De ce fait, en théorie, la protéine à pointe elle-même « pourrait être le vaccin ou les variantes d’un vaccin», a déclaré McLellan. En effet, si nous injections ce vaccin à base de protéines à pointe, « les humains fabriqueraient des anticorps contre cette protéine à pointe, et puis s’ils s’exposent un jour au virus, le corps serait déjà préparé », a-t-il ajouté.
Des mutations et des changements pour créer une molécule encore plus stable
De plus, en se basant sur des recherches antérieures qu’ils ont effectuées sur d’autres coronavirus, les chercheurs ont introduit des mutations et des changements pour créer une molécule plus stable.
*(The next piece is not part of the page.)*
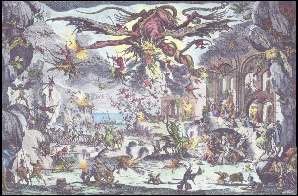 A few months ago I found a source for high quality images of a series of rather delightful images of Hell created by Philipp Sadeler, a rather obscure artist engraver working in the early decades of the 17th century. I find his images, which appeared as illustrations in the Jesuit Jeremias Dexel's book on the horrors of Hell issued in 1631, have a rather playful sense of humour. I decided to colour these quite stark engravings. These will be made into a book for my upcoming series of art books which I will publish through Blurb in a few weeks time.

« La molécule a l’air vraiment bien ; elle se comporte vraiment bien ; la structure démontre en quelque sorte que la molécule est stable et confirme ce que nous espérions », a déclaré McLellan. « Alors maintenant, nous et d’autres utiliserons la molécule que nous avons créée comme base pour l’antigène du vaccin ». Leurs collègues du NIH vont à présent tester ces protéines dans le but de découvrir à quel point elles peuvent déclencher la production d’anticorps.
Grâce à cette nouvelle découverte, les chercheurs estiment qu’un vaccin est susceptible de voir le jour d’ici 18 à 24 mois. « C’est plutôt rapide par rapport au développement normal d’un vaccin, qui pourrait prendre environ 10 ans… », a déclaré McLellan. Une affaire à suivre de près.